The couple’s farming journey so far has been overwhelmingly positive, although there have certainly been challenges along the way; among them the storm that cut the power for three days just as a whole cow was ready to go into the freezer, or the time Richard was attempting to load some pigs at 5am and they all scattered, or Jacqui’s early morning soaking with a large bucket of ice she was trying to break up for the pigs.

She admits there have been moments such as this, or when she’s been trying to sort out the animals with a hungry baby demanding to be fed, when she’s felt like a real fair-weather farmer, but that these are few and far between. (“I wanted a Barbara and I ended up with a Margo,” teases Richard.)

As well as getting to grips with animal husbandry, the Pilkas have invested much time and effort in developing the farm as a business, which Richard hopes to be able to run full-time in a few more years.

They began selling their meat just to family and friends but demand has grown so much that they now supply customers across the north of England. Conscious of the challenge of making a full living from smallholding, the couple decided to branch out even further this summer, and have been trading at agricultural fairs and farmers’ markets.

Not only have they been selling their meats at outdoor events, but also doing a roaring trade in posh Stiperden sausage sandwiches. They’ve also invested in a hog roast machine and bookings for some large functions are beginning to trickle in.
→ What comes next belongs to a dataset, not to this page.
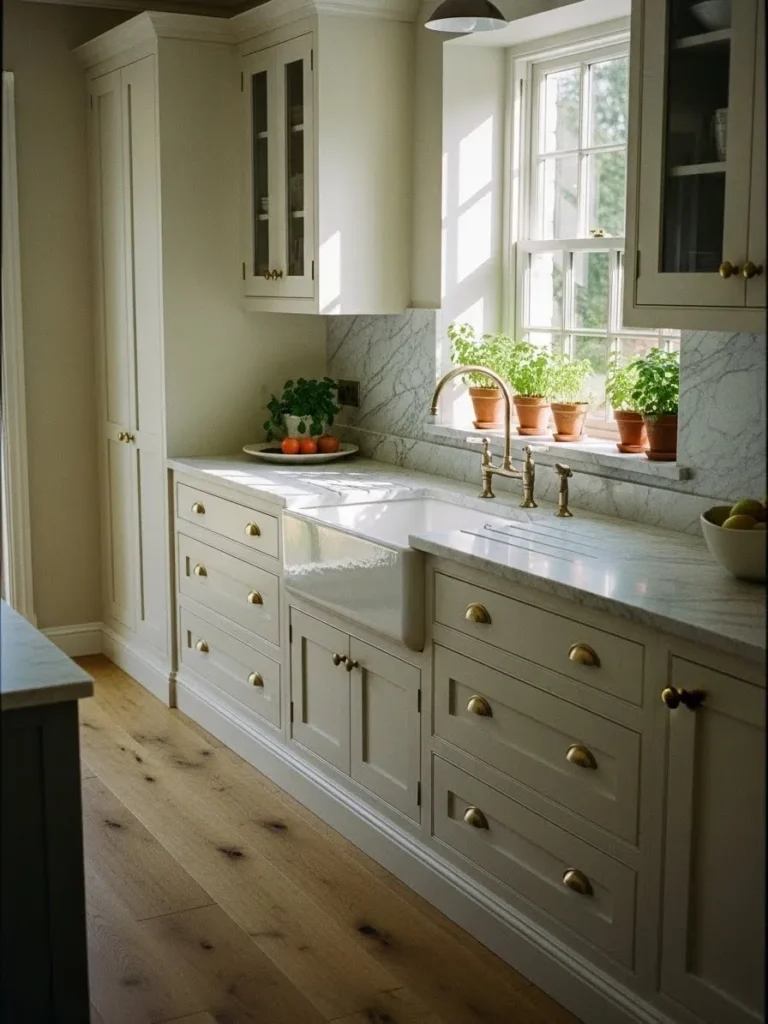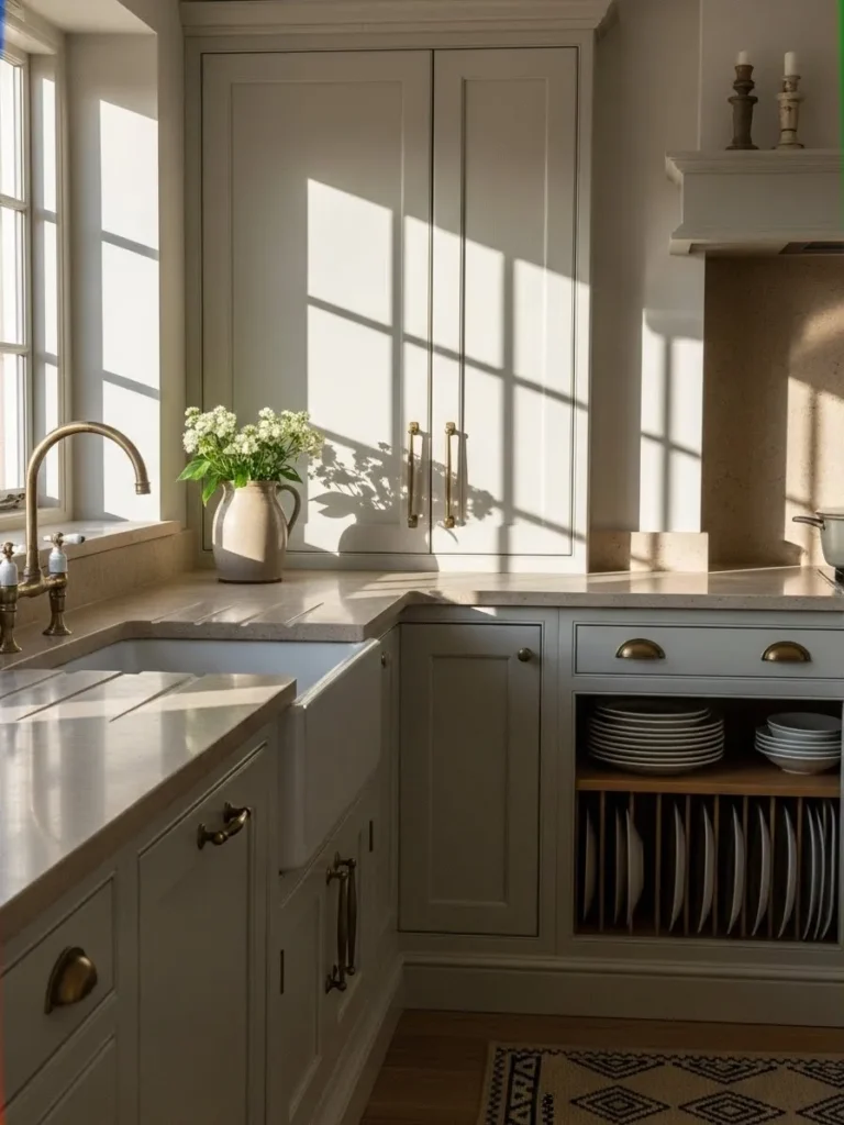 This kitchen feels instantly soothing with its soft cream cabinetry glowing in the afternoon sunlight. The shaker style doors, brass hardware, and classic farmhouse sink create a look that feels both timeless and lived in. I love how the natural light pours across the counters and highlights every gentle curve and detail. The built in plate rack adds such a charming, practical touch and the simple stone countertops keep everything feeling airy and effortless.

The pair have ambitious plans for the future, which include adding a wind turbine to the hydropower system installed earlier this year with the help of the Alternative Technology Centre in Hebden Bridge. They would also like to hold a farm open day and may even open an activity centre to offer school visits and smallholding courses.

But these are schemes for further down the line and, for the time being, what matters most to the Pilkas is that they have created a blossoming business and a wonderful home.



This article is from the January 2015 issue of Country Smallholding magazine.